Se a produtividade, conforme pudemos perceber, é uma das melhores medidas para aferir acerca da performance organizacional de uma empresa e, como tal, um bom indicador do negócio. Se uma organização, com indicadores de produtividade equilibrados, é uma entidade mais eficiente porque assegura uma utilização eficaz dos seus recursos e, como tal, proporciona melhores resultados e se torna promissora no futuro. Se a produtividade do trabalhador (e respetivas implicações, a saber absentismo e presentismo) está dependente de fatores como Saúde (física e mental) e Bem-estar psicológico. Então o que pode uma organização fazer para além das medidas de promoção e prevenção que, dentro das suas possibilidades, vai implementando? – Pode medir e atuar. A medição, permite aferir resultados que depois de analisados e devidamente contextualizados podem ajudar a organização a ajustar as suas medidas de intervenção de modo a controlar e a garantir a devida sustentabilidade ao longo do tempo.
Existem hoje alguns instrumentos, aferidos para a população portuguesa, que podem ser utilizados em contexto organizacional, para medir o Bem-estar psicológico; a Saúde Mental e avaliar a exposição a fatores de risco para a saúde de natureza psicossocial do trabalhador. Existirão muitos mais que medem e avaliam outras dimensões da pessoa, já em contexto mais clínico, como p.ex. questionários de Satisfação com a vida; Satisfação com o trabalho; Qualidade de vida; Perceção de Stresse; Ansiedade; Depressão, Sintomatologia psicopatológica, etc…
Todos estes instrumentos, desde que devidamente bem aplicados – por profissionais habilitados e com competência para o fazer, são bastante robustos e garantem resultados fidedignos, traduzindo o que se pretendeu medir e avaliar, quer em termos individuais quer em grupo. Mas não basta, apenas, fazer! Há que definir um racional quanto ao que se pretende medir e avaliar, caso se pretendam retirar daí elações que contribuam para o momento atual e a posteriori, ou seja, para futuras comparações após intervenções específicas e concretas.
De referir, ainda, que estas questões são transversais a todas as pessoas que fazem parte da organização – independentemente do nível hierárquico (funções de chefia e liderança vs. operacionais) e dos aspetos sociodemográficos (sexo, idade, raça, estado civil, escolaridade, situação económica, dimensão do agregado familiar, etc…). A Saúde Mental afeta a todos por igual, no entanto, o impacto desta nas funções que cada pessoa desempenha na organização é traduzido de forma diferenciada. Por exemplo, a nível operacional o impacto na produtividade poder-se-á refletir na variabilidade do rácio (produção em quantidades/ número de horas de trabalho).
A um nível hierárquico, que envolva funções de liderança, o impacto da Saúde Mental pode não só interferir nos processos de tomada de decisão do líder como, também, afetar o clima organizacional a nível da comunicação eficiente, da gestão de conflitos, da motivação e do engagement dos colaboradores – influenciando, assim, a própria produtividade da equipa, a sua performance enquanto líder e consequentemente os resultados da organização.
Em suma, respondendo à pergunta inicial, a resposta é: Sim.

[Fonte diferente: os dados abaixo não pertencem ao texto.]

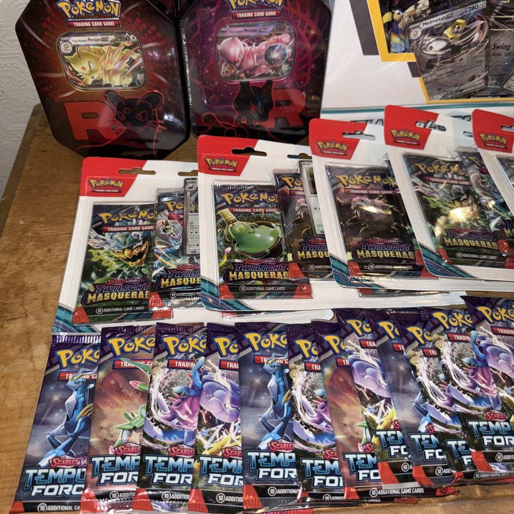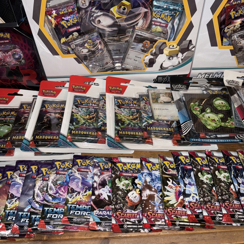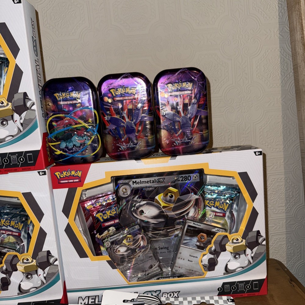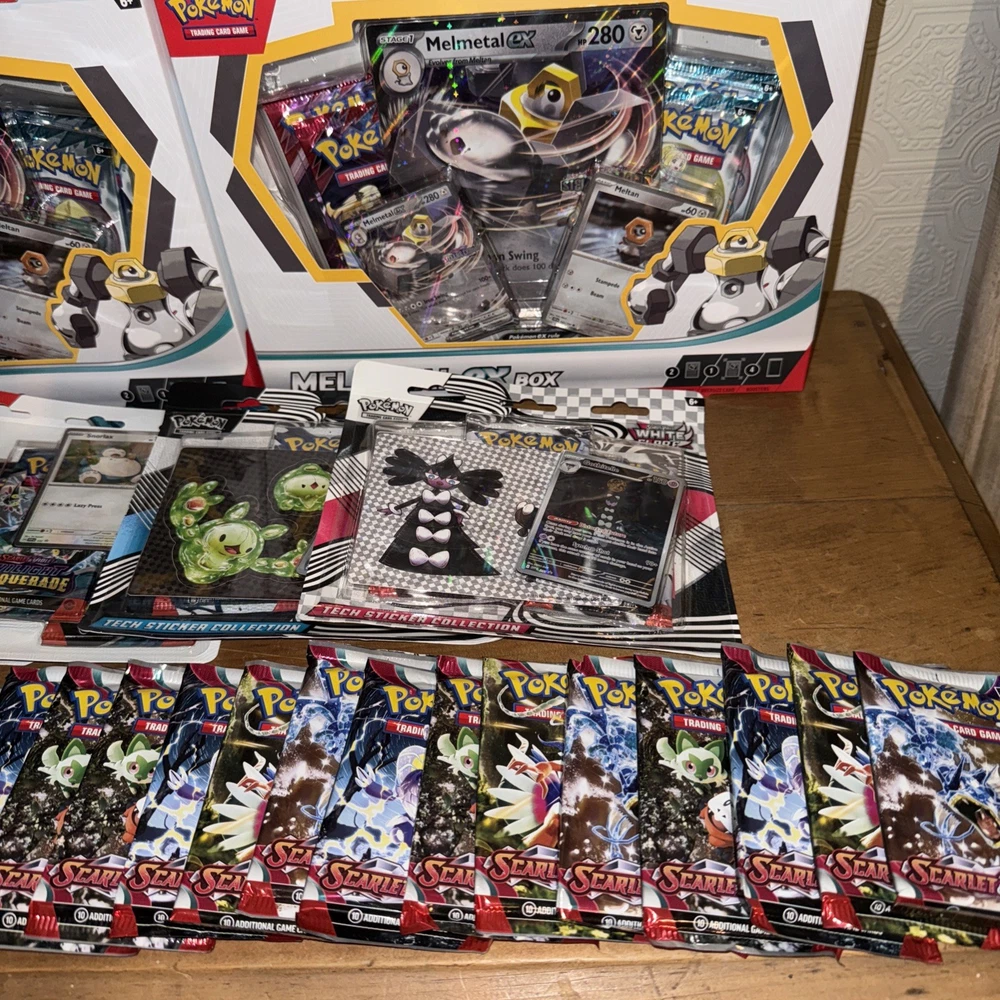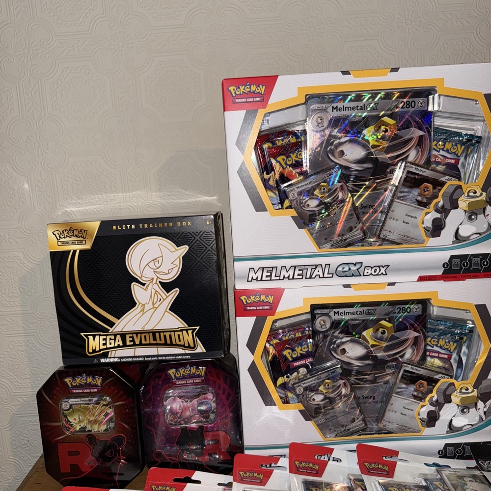 This Pokémon Bundle includes a variety of sealed products such as Elite Trainer Boxes, Booster Boxes, and Tins. Featuring cards from the Scarlet & Violet set, this collection is perfect for Pokémon TCG enthusiasts. 1 x Elite Trainer Box 2 x Destined Rivals Team Rocket Tins 3 x Melmetal ex Box 30 x Booster packs 3 x Mega Evolutions Mini Tins 2 x Black and white Blister packs 5 x Twilight Masquerade Blister Pack Manufactured by Nintendo and illustrated by The Pokémon Company Art-team, this bundle offers a chance to collect and trade standard-sized cards in English. Whether you're attending a Pokémon League event or simply looking to expand your collection, this bundle has something for every fan of the game.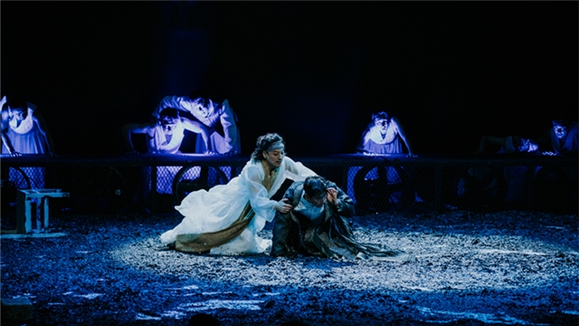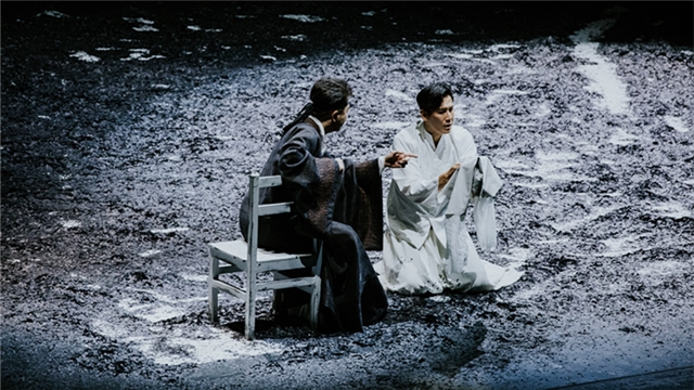 ??話劇《戎夷之衣》故事改編自《呂氏春秋·恃君覽第八》中戎夷解衣的故事。戎夷是墨家弟子,崇尚“敬天”“貴義”“兼愛”“非攻”。雪夜,以義聞名的師父戎夷和人品可疑的弟子被關(guān)在城門外。若要一人活下來,另一人必得脫下棉衣而凍死。師父選擇了讓衣而死,弟子則受衣而活。此后余生中,每當?shù)茏酉虺晒Φ碾A梯升上一步,都會經(jīng)歷一次與師父的靈魂對視、一次良心與得失的拷問,他都選擇了背過身去,走向與師父的義路截然相反的方向,直至成為頂級“人生贏家”,直至——從現(xiàn)世巔峰跌進永死的深淵。在人生的最后時刻,弟子作何感想?墨家崇尚的人類普適而恒久的道德價值,從弟子的命運軌跡中,穿透傳統(tǒng)文化的力量,從而啟發(fā)觀眾在當下無限復(fù)雜的社會去反思去自警去追求向善的道德。

A par do Bem-estar psicológico e da Saúde física, a Saúde Mental é um ‘indicador’ crítico de negócio no sentido de, depois de esta estar devidamente medida, avaliada e analisada, ajudar as organizações a identificar os motivos e as causas associadas à perda de produtividade e, dar-lhe orientações concretas acerca de medidas a implementar que possam proporcionar melhorias na autoeficácia e consequentemente impactar, de modo positivo, nos resultados da organização.